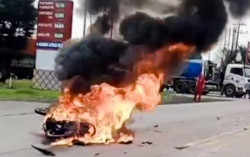 Dalam video amatir yang beredar, terlihat kepulan asap hitam membumbung tinggi dari motor Supra X yang terbakar di tengah jalan, sementara korban lainnya tergeletak tak berdaya.
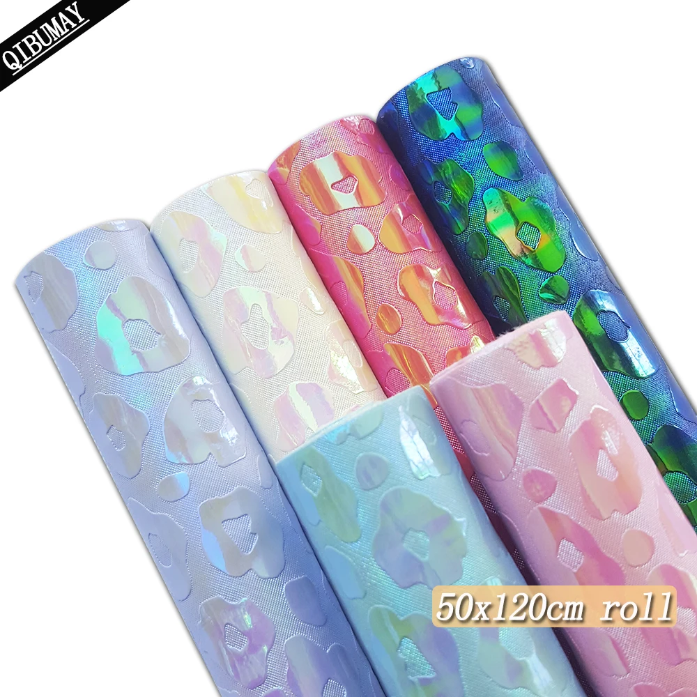 QIBU 50x120cm 레오파드 패턴 합성 가죽 패브릭 롤 솔리드 컬러 PU 가죽 소재 가방 공예 DIY Hairbow 장식
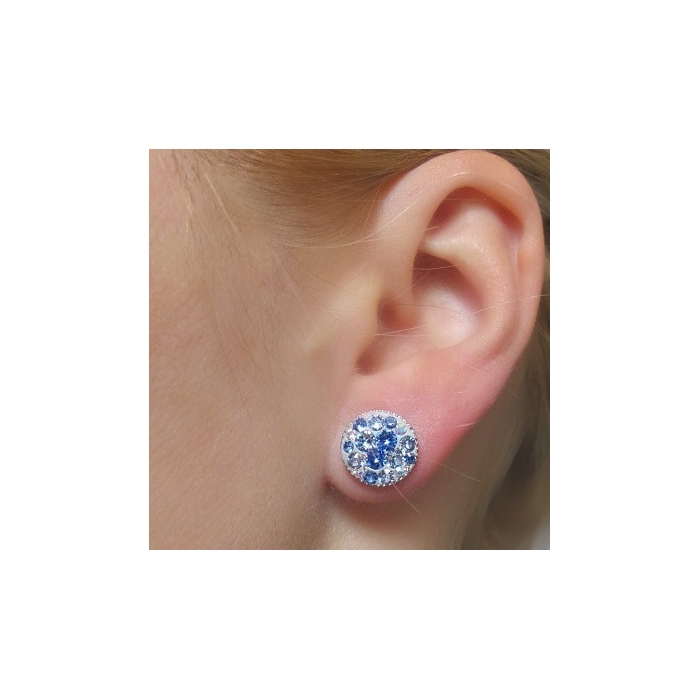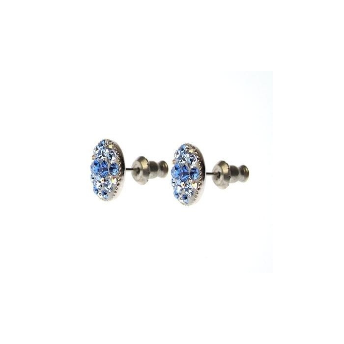 Náušnice jsou vyrobeny ručním vkládáním křišťálů Swarovski® do speciálního gelu od firmy Swarovski®, proto se usazení křišťálů může lišit jak ve velikosti křišťálů, tak v kombinaci, oproti fotografii. V těchto náušnicích jsou kombinované různé barvy křišťálů, ale celkový efekt je tvořen do modra.
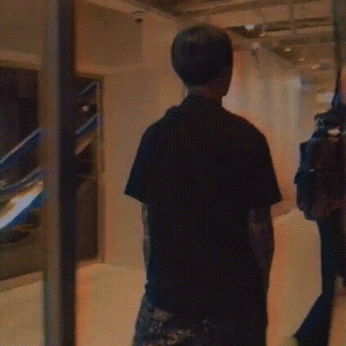 Genki Takebuchi from 8psb walking down a hallway with a glass door.
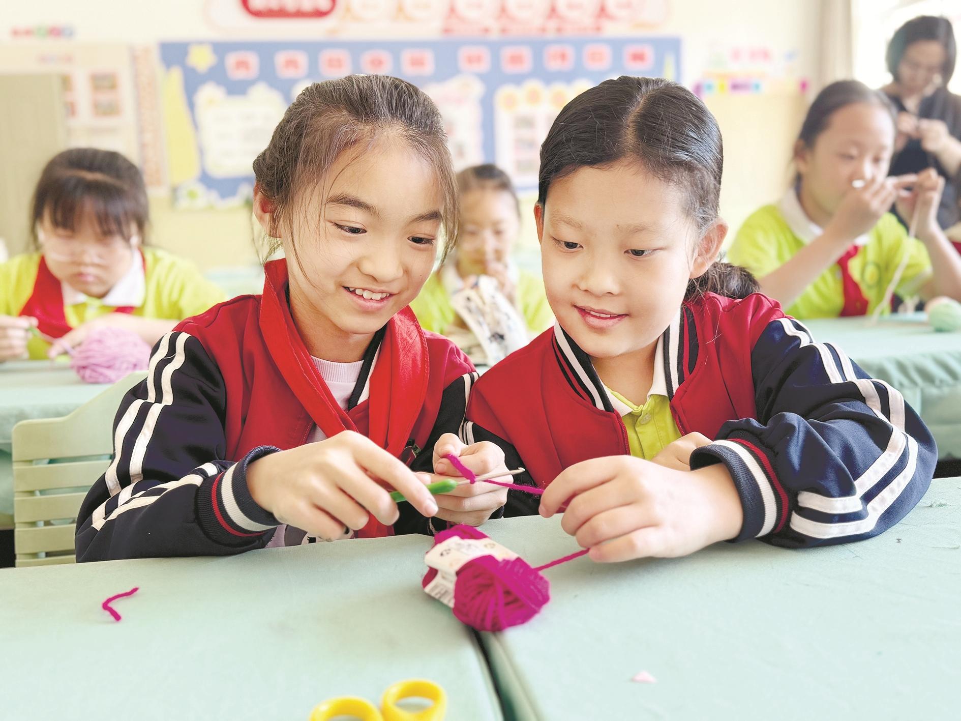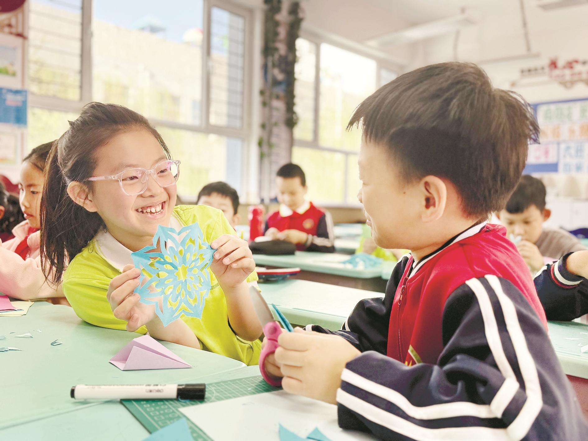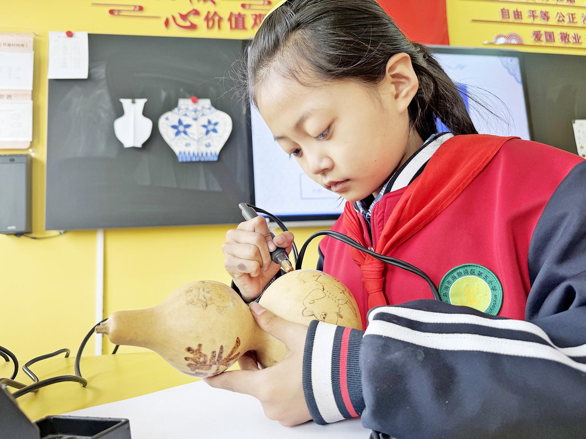 “为落实国家‘双减’政策,丰富学生校园文化生活,尊重学生个性发展,学校以‘面向全体、彰显个性、培养兴趣’为宗旨,本学期共开设无人机、啦啦操、棋类等57个童心社团,其中非遗项目10个,孩子们逐渐学会了剪纸和刺绣等技艺,在孩子们的心中播下了热爱和传承非物质文化遗产的种子。”海勃湾区第五小学副校长吉亚利说。
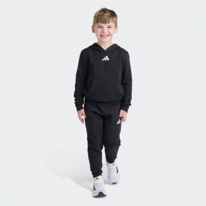 Everyday adventures are fun with the 2-Piece Long Sleeve Pullover Hoodie and Joggers Essential Small Logo Fleece Set. Designed to keep up with kids and their active lifestyle, the set comprising a long sleeve hoodie and sweatpants is a versatile choice for school, sports practice and weekend outings.Ribbed details on the cuffs and hem help to keep the hoodie in place, while the kangaroo pocket offers warmth for your child’s hands and storage for small items. The pants feature an elastic waist with drawstring for a secure, adjustable fit and comfort as they go about their day.Crafted from soft fleece material in a regular fit that strikes a balance between loose and snug, the set is a must-have for your youngster’s wardrobe. The design is rounded off by a bold adidas logo on the center chest and left thigh giving it a sporty edge.At the park, playing with friends or relaxing at home, your child will enjoy comfort and style with this set. Machine washable for easy care, it’s built for busy families and busy kids.
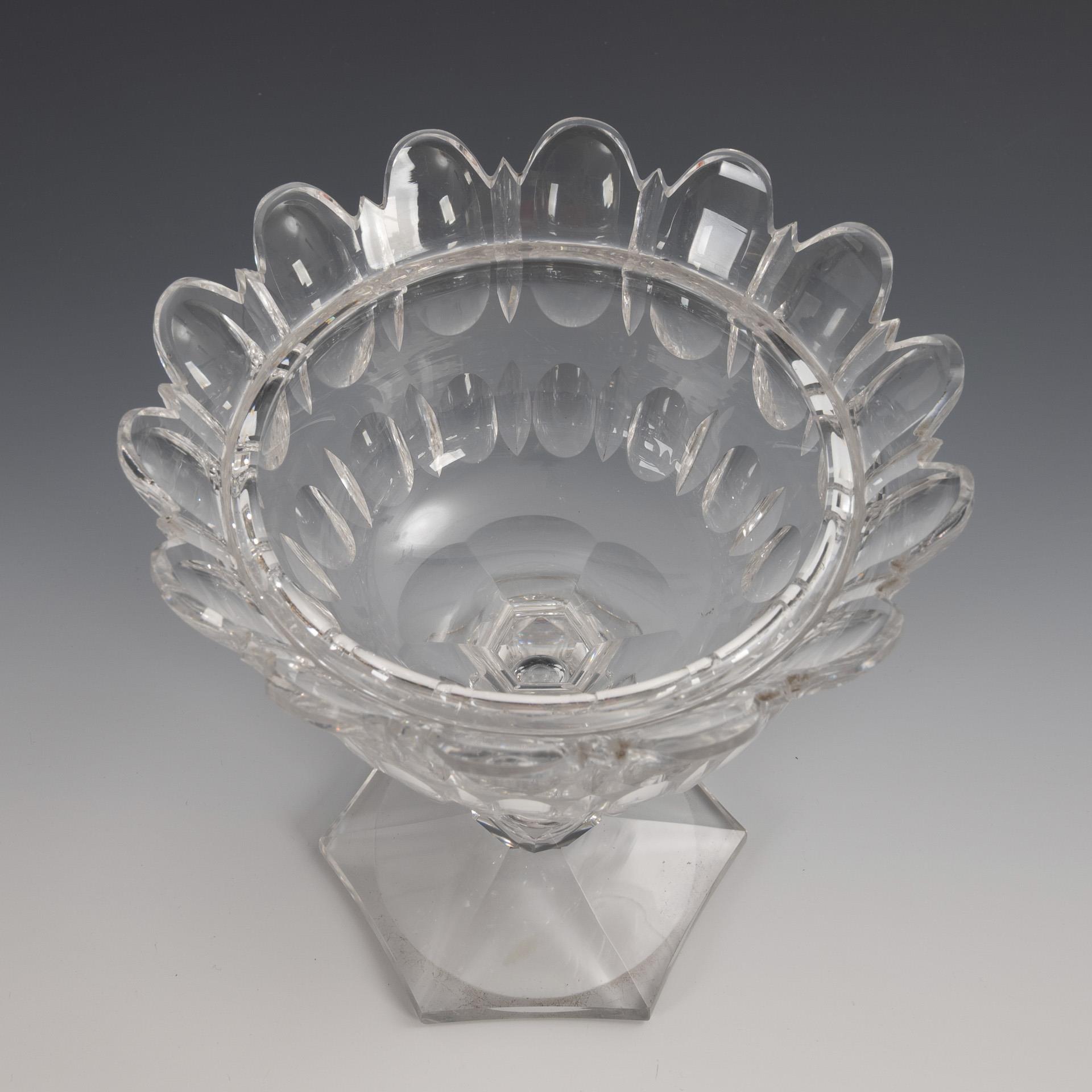 Halbkugelige Kuppa mit mehrpassigem Rand, Oliven- und Kerbschliffkranz, facettiertem Schaft mit eingestochener Luftblase und sechseckigem Fuß; ausgekugelter Abriss. 1x wenige, minimale Randbestoßungen und 3 minimale Fußbestoßungen.

### PROBLEM DETAILS
In the copy, keep every line of the data above exactly and drop each picture.

### OUTPUT FOR THIS TASK
 Dalam video amatir yang beredar, terlihat kepulan asap hitam membumbung tinggi dari motor Supra X yang terbakar di tengah jalan, sementara korban lainnya tergeletak tak berdaya.
 QIBU 50x120cm 레오파드 패턴 합성 가죽 패브릭 롤 솔리드 컬러 PU 가죽 소재 가방 공예 DIY Hairbow 장식
 Náušnice jsou vyrobeny ručním vkládáním křišťálů Swarovski® do speciálního gelu od firmy Swarovski®, proto se usazení křišťálů může lišit jak ve velikosti křišťálů, tak v kombinaci, oproti fotografii. V těchto náušnicích jsou kombinované různé barvy křišťálů, ale celkový efekt je tvořen do modra.
 Genki Takebuchi from 8psb walking down a hallway with a glass door.
 “为落实国家‘双减’政策,丰富学生校园文化生活,尊重学生个性发展,学校以‘面向全体、彰显个性、培养兴趣’为宗旨,本学期共开设无人机、啦啦操、棋类等57个童心社团,其中非遗项目10个,孩子们逐渐学会了剪纸和刺绣等技艺,在孩子们的心中播下了热爱和传承非物质文化遗产的种子。”海勃湾区第五小学副校长吉亚利说。
 Everyday adventures are fun with the 2-Piece Long Sleeve Pullover Hoodie and Joggers Essential Small Logo Fleece Set. Designed to keep up with kids and their active lifestyle, the set comprising a long sleeve hoodie and sweatpants is a versatile choice for school, sports practice and weekend outings.Ribbed details on the cuffs and hem help to keep the hoodie in place, while the kangaroo pocket offers warmth for your child’s hands and storage for small items. The pants feature an elastic waist with drawstring for a secure, adjustable fit and comfort as they go about their day.Crafted from soft fleece material in a regular fit that strikes a balance between loose and snug, the set is a must-have for your youngster’s wardrobe. The design is rounded off by a bold adidas logo on the center chest and left thigh giving it a sporty edge.At the park, playing with friends or relaxing at home, your child will enjoy comfort and style with this set. Machine washable for easy care, it’s built for busy families and busy kids.
 Halbkugelige Kuppa mit mehrpassigem Rand, Oliven- und Kerbschliffkranz, facettiertem Schaft mit eingestochener Luftblase und sechseckigem Fuß; ausgekugelter Abriss. 1x wenige, minimale Randbestoßungen und 3 minimale Fußbestoßungen.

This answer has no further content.